WHAT IS BEING ASKED: The required result is each line of the entries below containing the string "кредитной".

EXERCISE INPUTS:
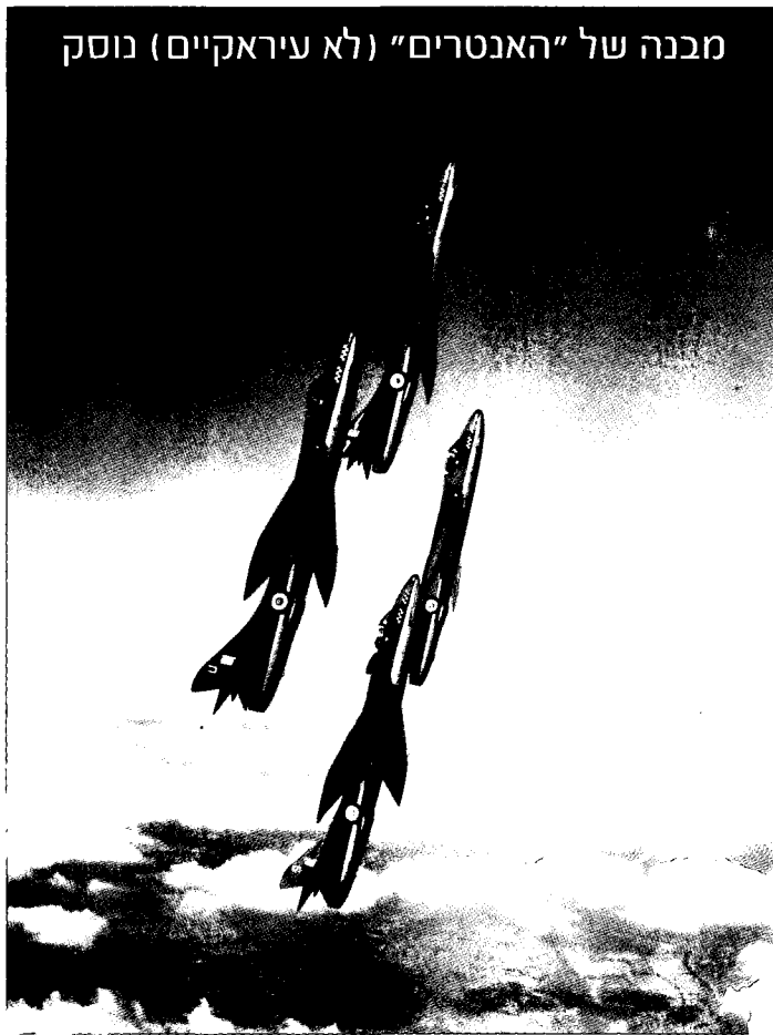
במקביל להכנתו של כוח המשלוח היבשתי לסוריה סוכם גם על סיוע אווירי עיראקי באמצעות שתי טייסות "האנטר"

למלחמת קודש ולגיוס מתנדבים למערכה, והפרשנויות ברדיו בגדאד הוקדשו ברובן הגדול לחשיבותה של המלחמה באויב הציוני.
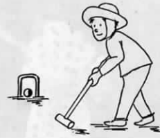
町内高齢者の親睦をはかることが目的です。
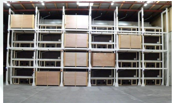
Die Installation ist teilweise gefüllt mit Kisten
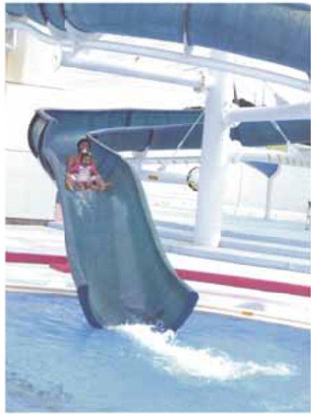
スリル満点！ ウォータースライダー 高さ5m、長さ30mの滑り台。一気に滑り降りるスリルとスピード感に子どもたちは打付けです。
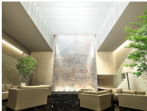
エントランスホール・ラウンジと水景壁

※掲載の完成予想CGIは、計画段階の図面を基に描き起こしたもので、実際とは異なります。尚、形状の細部、設備機器等は表現していません。
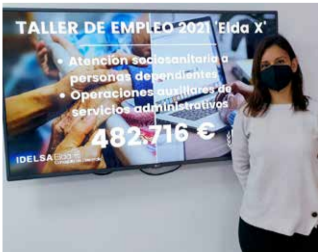
Imágen del taller

Ibáñez ha destacado que "uno de los objetivos estraté-
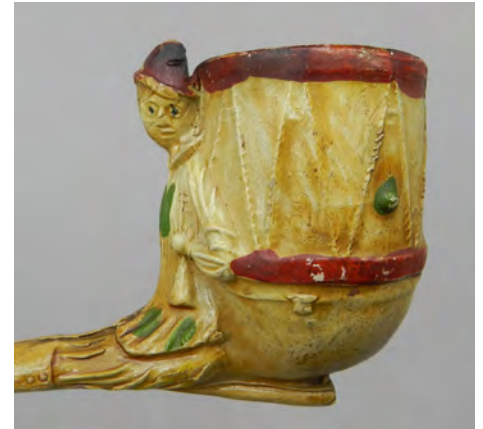
Afb. 8a-b. Een pijp van P.J. van der Want met een rode band om de steel.
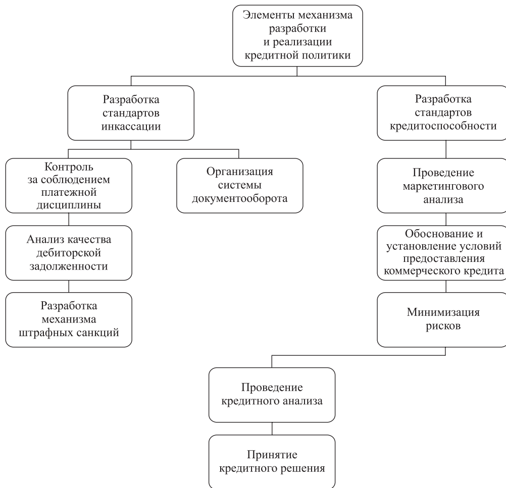
Рис. 4. Элементы механизма кредитной политики организации

кредитной политики необходимо обеспечить плодотворное сотрудничество маркетологов, бухгалтеров, экономистов и финансистов, а кредитную и маркетинговую политику организации следует рассматривать как неотъемлемую часть реализуемой продукции (работ, услуг).
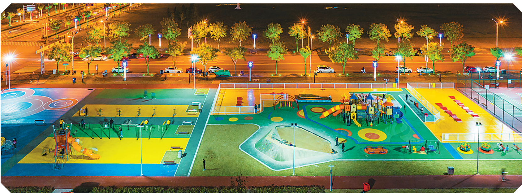
今年“十一”前夕，江苏省宿迁市宿豫工业园区在园区建设了2.2万平方米的居民公益健身公园，园内不仅有常规健身设施和篮球场、网球场、门球场等球类运动场，还专门设立了儿童健身中心，满足了老中青幼不同年龄段居民的健身需求。

天津医科大学总医院主任医师刘健表示，在医疗资源紧缺背景下，通过日间手术，最大限度满足患者医疗需求，缓解“一床难求”的痛点，是公立医院适应医改、实现高质量发展、贯彻落实健康中国战略部署的应有之义。
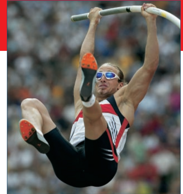
Tim Lobinger (GER), Hallen-Weltmeister 2003 und Sieger mit 5,91 m beim Weltfinale in Monte Carlo 2003
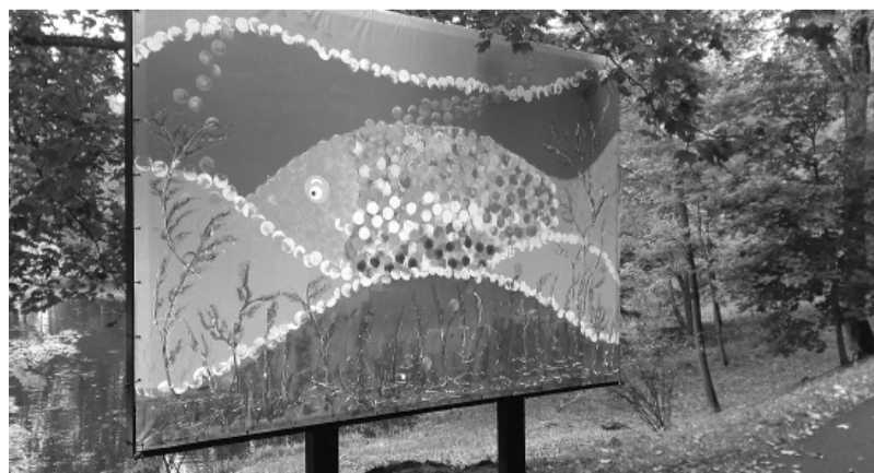
Vecajā parkā uzstādītas lielformāta gleznas.

Gleznām nezaudēt savu burvību arī tumšajos gadalaikos, rudens lietavās un ziemas puteņos palīdzēs īpaši šim nolūkam izraudzītās krās-
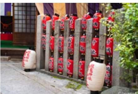
▲ โคมแดงมีชื่อเกอิโกะ และไมโกะแต่ละคน ประทับอยู่ถูกนำมาเรียงในศาล
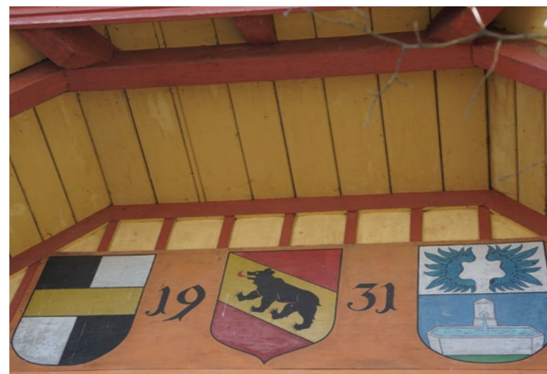
Ehemaliges Schützenhaus Feldschützen Habstetten
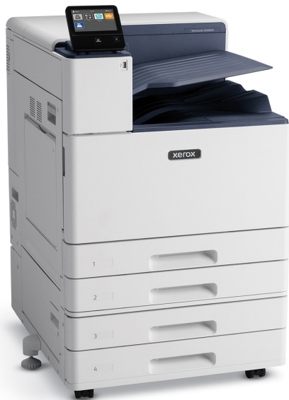
VersaLink® C8000W med tvåmagasinsmodul
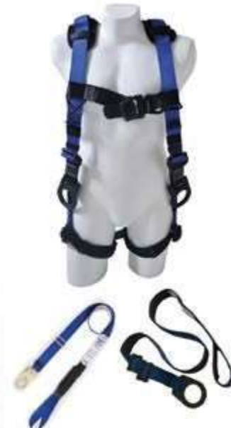
KIT DIELECTRICO (ARNÉS MULTIPROPÓSITO DIELECTRICO 4 ARGOLLAS, ESLINGA DIELECTRICA CON ABSORBEDOR DE ENERGÍA Y PUNTO FIJO DIELECTRICO)
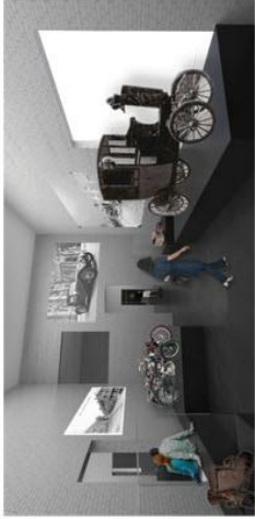
11 - Les voitures: une commune en châtier
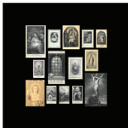
14. Les Petites Images Saintes du Christ et de la Vierge

RESPONSE AREA:
Рис. 4. Элементы механизма кредитной политики организации
кредитной политики необходимо обеспечить плодотворное сотрудничество маркетологов, бухгалтеров, экономистов и финансистов, а кредитную и маркетинговую политику организации следует рассматривать как неотъемлемую часть реализуемой продукции (работ, услуг).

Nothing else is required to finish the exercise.